Rusia llevó a cabo un ataque masivo contra Ucrania horas antes de una importante reunión de paz en Ginebra entre representantes de Moscú, Kiev y Washington. La ofensiva, reportada por la Fuerza Aérea ucraniana, involucró el lanzamiento de 29 misiles y 396 drones, con objetivos principalmente en infraestructura energética y zonas civiles del país.
El ataque incluyó 20 misiles de crucero Kh-101, además de cuatro misiles de crucero Iskander-K, cuatro misiles balísticos Iskander-M y un misil guiado de aviación. De los drones, cerca de 250 eran aparatos no tripulados de ataque Shahed, utilizados en combates en la región. Aunque las defensas aéreas ucranianas lograron destruir 24 misiles de crucero y el misil de aviación, no pudieron interceptar los cuatro misiles balísticos lanzados por Rusia, los cuales impactaron en diversas localidades de Ucrania.
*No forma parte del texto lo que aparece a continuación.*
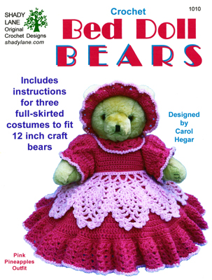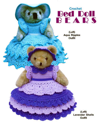 Another thing on my "list" to do was some full skirted bed doll outfits for the 12" craft bear you see in stores...I believe they are made by Fibrecraft and Darice.  For those more into animals than dolls, I thought this would be a nice change of pace.  The outfits are made out of baby or sport yarn, and I included a pattern for a worsted weight pillow form to go underneath, or you can leave that out and just have the full skirt laying on the bed.  I had a fun time figuring out how to do the hats with holes for the ears!  But I finally got it!
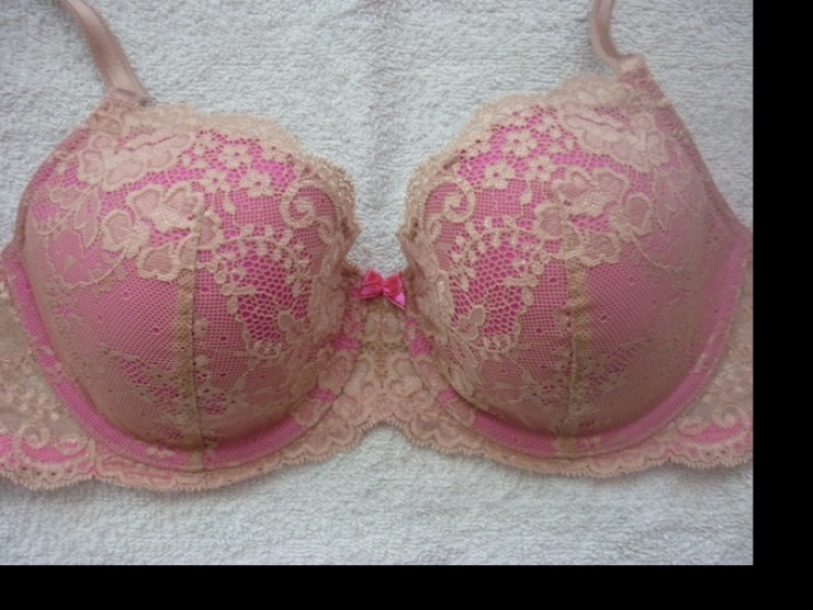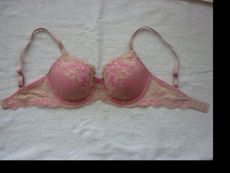 Prodám novou, něžnou podprsenku v nude - růžové barvě, s kolekce Dream angels.Je vyztužená, ale lehoučká, má tzv.Memory Fit - paměť, přizpůsobí se tvaru prsou, takže jí na těle ani necítíte.Jako bonus přidávám kalhotky střih sheeky velikost S

Se reporta que unas 13 zonas del país resultaron afectadas por los ataques, con 367 drones neutralizados y daños en infraestructuras civiles y energéticas. El ataque dejó al menos tres trabajadores energéticos muertos cerca de Sloviansk, tras un bombardeo a un vehículo que transportaba empleados de una central térmica, según confirmó el gobierno ucraniano.
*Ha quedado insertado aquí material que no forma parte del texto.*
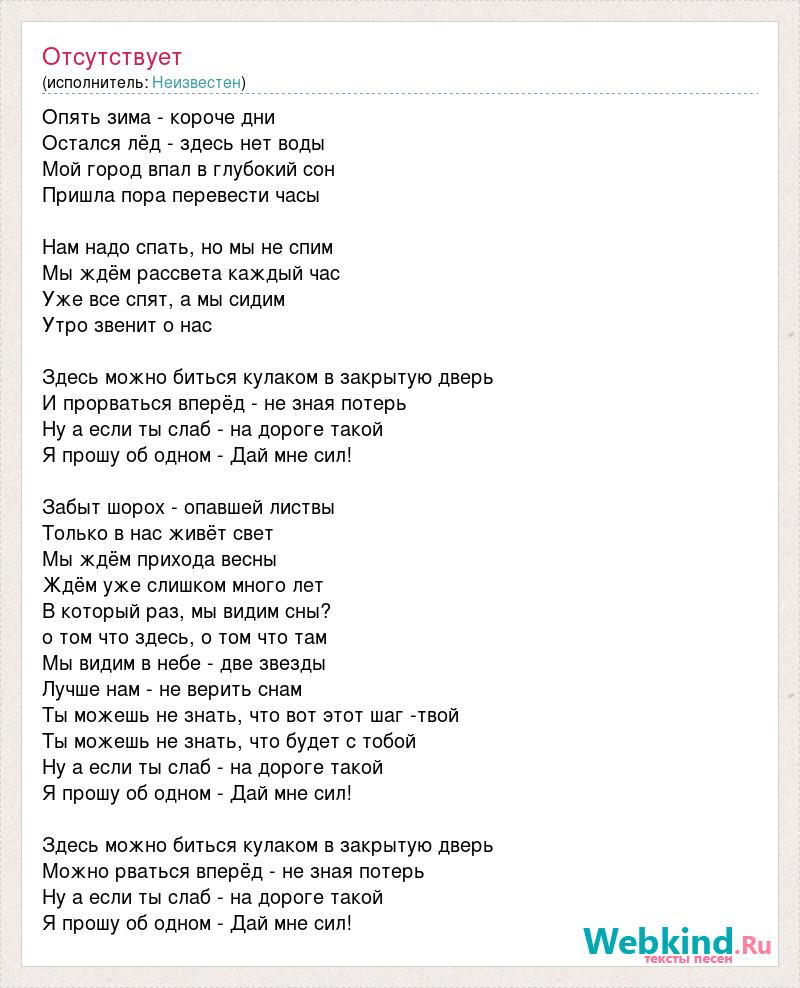 Опять зима - короче дни Остался лёд - здесь нет воды Мой город впал в глубокий сон Пришла пора перевести часы Нам надо спать, но мы не спим Мы ждём рассвета каждый час Уже все спят, а мы сидим Утро звенит о нас Здесь можно биться кулаком в закрытую дверь И прорваться вперёд - не зная потерь Ну а если ты слаб - на дороге такой Я прошу об одном - Дай мне сил! Забыт шорох - опавшей листвы Только в нас живёт свет Мы ждём прихода весны Ждём уже слишком много лет В который раз, мы видим сны? о том что здесь, о том что там Мы видим в небе - две звезды Лучше нам - не верить снам Ты можешь не знать, что вот этот шаг -твой Ты можешь не знать, что будет с тобой Ну а если ты слаб - на дороге такой Я прошу об одном - Дай мне сил! Здесь можно биться кулаком в закрытую дверь Можно рваться вперёд - не зная потерь Ну а если ты слаб - на дороге такой Я прошу об одном - Дай мне сил!
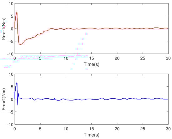 The simulation object adopts the two-degree-of-freedom (2-DOF) manipulator from []. In the parameters of the 2-DOF robot manipulator, for the first and second links, their lengths, masses, mass centers and inertia are expressed as and , and , and , and , respectively. In the initial rough parameters of the 2-DOF robot manipulator, for the first and second links, their lengths, masses, mass centers and inertia are expressed as and , and and , and , and , respectively. The specific values are shown in Table 1 and Table 2.
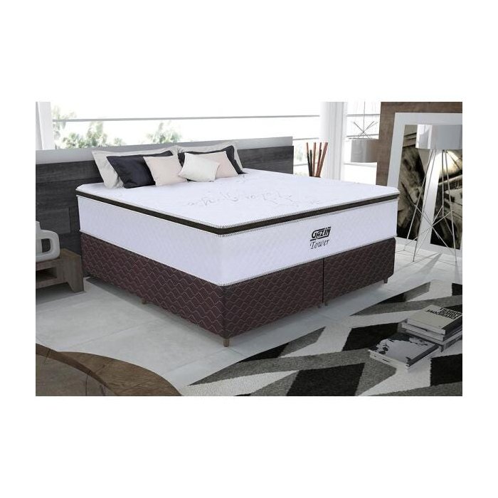 Cama Box Super King CAMA INBOX GAZ Gazin de Molas Ensacadas Tower 193x203x72 Branco Branco
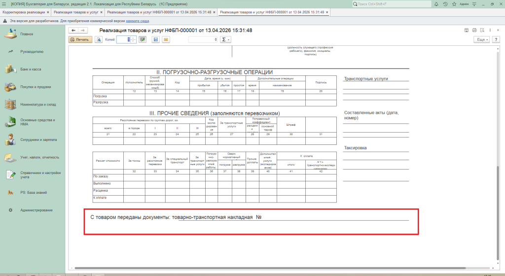Правильное заполнение ТТН и ТН в РБ — гарантия успешного, а также законного осуществления перевозок. Использование программных средств, таких как 1С, позволяет автоматизировать процесс заполнения товарно-транспортной накладной, а также избежать ошибок. Понимание различий между этими документами, а также знание правил их оформления поможет обеспечить правильный учет, контроль перемещаемых товаров.
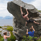 You get a remote feeling in this small crag that's pretty close to the city. It's a collection of blocks located on a small peninsula on the north-western seaside of Bratten north west of Bodø centre. Not much has been developed but you'll find a few nice lines to enjoy in the afternoon sun with views over the sea. If not for the bouldering it's well worth the trip for the special atmosphere there. More development is possible still.

El presidente Volodímir Zelensky calificó la ofensiva como un acto deliberado para causar el mayor daño posible y advirtió sobre la gravedad de la situación. Desde Odesa, decenas de miles de personas permanecen sin agua ni calefacción debido a los daños en servicios básicos.
Zelensky destacó que el ataque afectó a 12 regiones del país, provocando heridos, incluyendo niños, y daños a infraestructura residencial y ferroviaria. Enfatizó la necesidad de que los aliados respondan con firmeza y solicite la responsabilización de Rusia, promoviendo sanciones y apoyo militar para alcanzar una paz duradera y justicia en la región.
El mandatario reafirmó su postura de que Moscú es la principal fuente de agresión y solicitó mayor presión internacional para detener los ataques y avanzar hacia una solución diplomática duradera.